Find out the various ways that you can combat micromanagement and become a more trusting and successful leader:

#1 Way to combat micromanagement: Practice Delegating: Not knowing how to delegate effectively leads to unintentional micromanaging. Effective delegation plays to the skills of your employees and gives them the ability to strengthen their skillset. Trusting your employees motivates them to do better work and guides them to a more collaborative work environment.

#2 Way to combat micromanagement: Focus on managing culture: Effective leaders care more about managing their culture than they do managing their team. Micromanaging can’t exist with a good cultural foundation. When you focus on your company’s values, you have less time to micromanage your employees’ actions. When employees understand that their leaders are working toward an effective culture, not only will they be more productive but more motivated to get the work done.

#3 Way to combat micromanagement: Set clear expectations: Establishing expectations upfront sets your team up for success, the clearer you are, the better your employees will perform.
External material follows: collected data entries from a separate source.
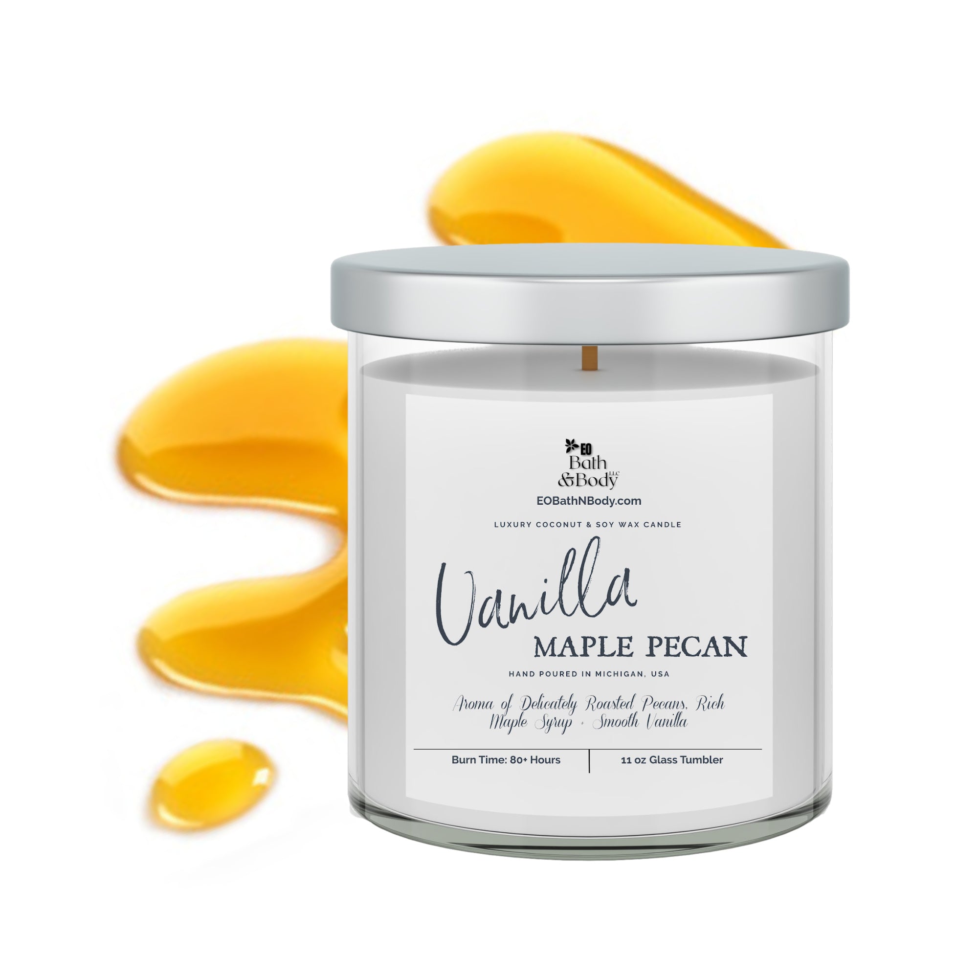 Vanilla Maple Pecan Luxury Coconut + Soy Wax Wood Wick Candle | 11 oz Glass Tumbler & New Eco Cover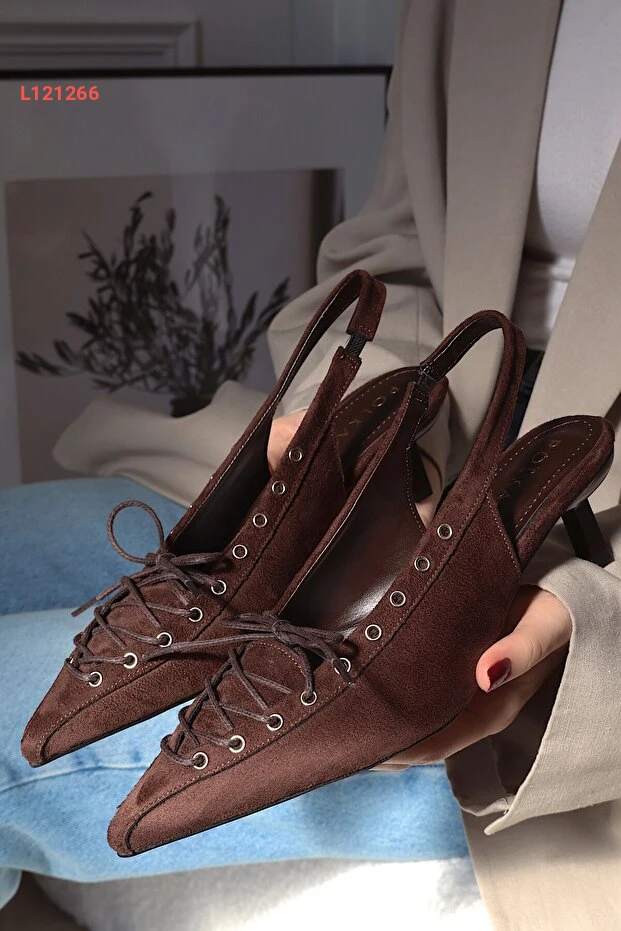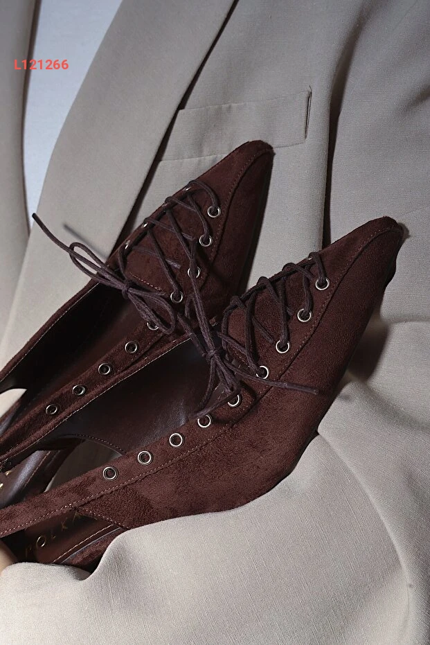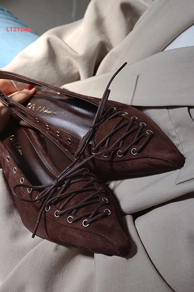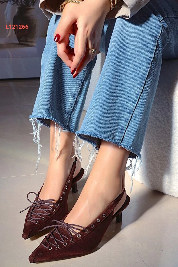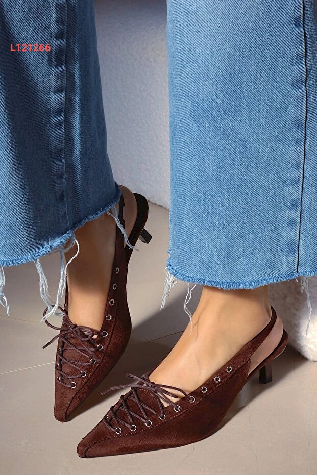 POLKA STORE Best Kapsüllü Bağcık Detaylı Sivri Burunlu Kısa Kitten Topuklu Kadın Ayakkabı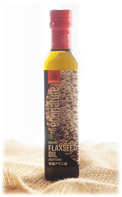 主成分がオメガ3(αリノレン酸)のアマニ油(フラックスオイル)には、微量でも生理的な働きを助け、体組織を正常にする働きがあると言われています。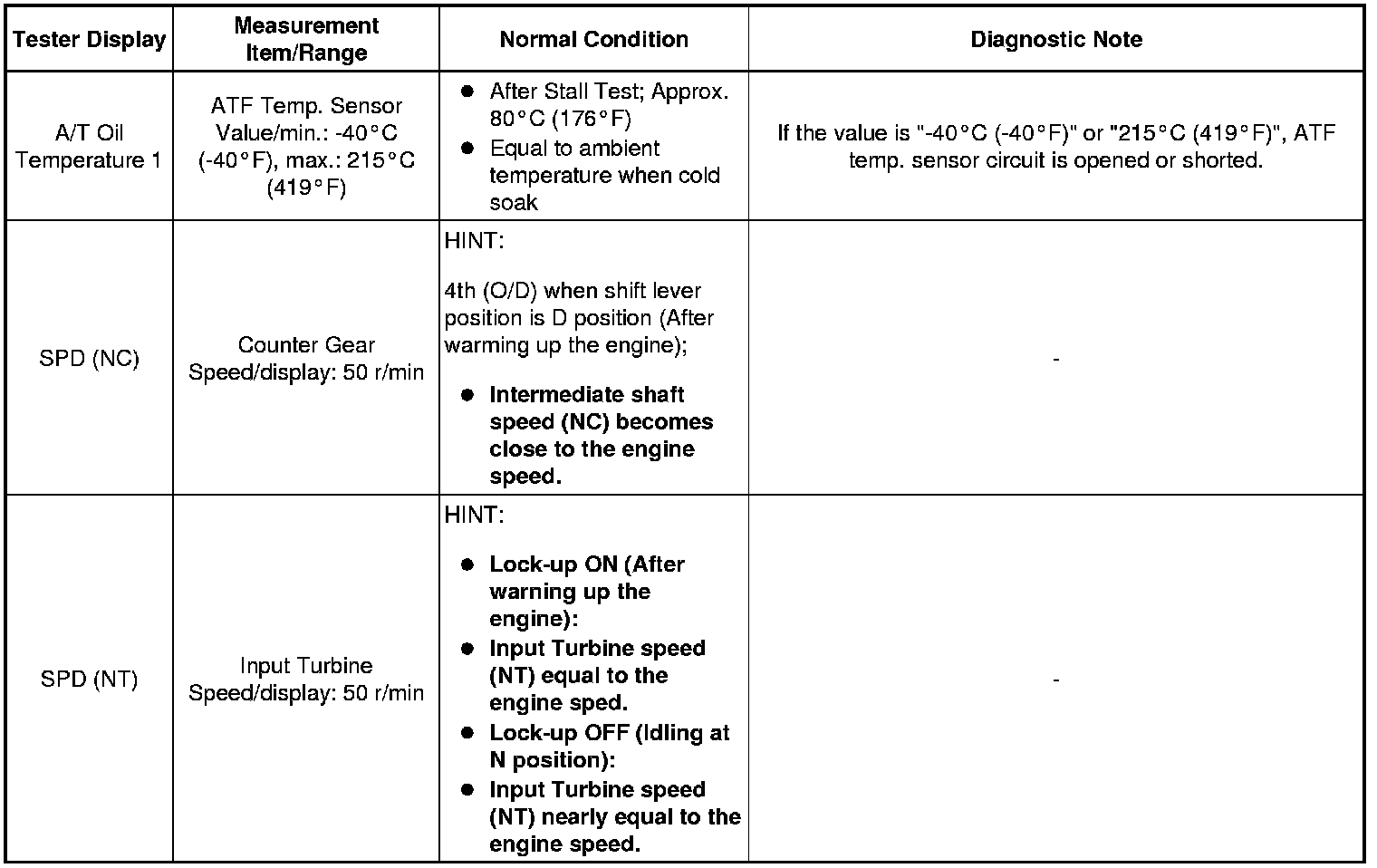 In the table below, the values listed under "Normal Condition" are reference values. Do not depend solely on these reference values when deciding whether a part is faulty or not.

Many leaders micromanage because they think they’re the best for the job, but often they fall into the habit of doing the task without delegating what you want them to achieve and not how you want them to achieve it. Continue to practice delegation by setting these expectations and trusting your employees to do the rest.

#4 Way to combat micromanagement: Ask employees how they want to be managed: Start by asking your team what type of management would be best for them. A good culture is created by adhering to your teams’ needs and preferences. Great leaders often combat micromanaging by seeking employee input. Not only does this provide leaders with important information on shaping culture, but it also establishes trust and autonomy in your team.

#5 Way to combat micromanagement: Trust your team: The root of micromanaging is a lack of trust. No matter where your lack of trust stems from, building the foundations of trust at work will empower your team to be self-sufficient and increase productivity. Practicing new ways of trusting your team is a great way to challenge yourself to delegate effectively. You hired your employees for a reason, trust them to do the job you were confident they could.

#6 Way to combat micromanagement: Pass on responsibility: Overcoming micromanaging is difficult, especially giving up the tasks that you normally would do yourself. Trusting your team with more responsibility can lead to more creativity and collaboration. Rather than sticking around to manage every task, discuss the project, strategies and concerns upfront and trust your team to do the heavy lifting. Make yourself available to answer questions, and give feedback when prompted and allow yourself to focus on leading rather than managing.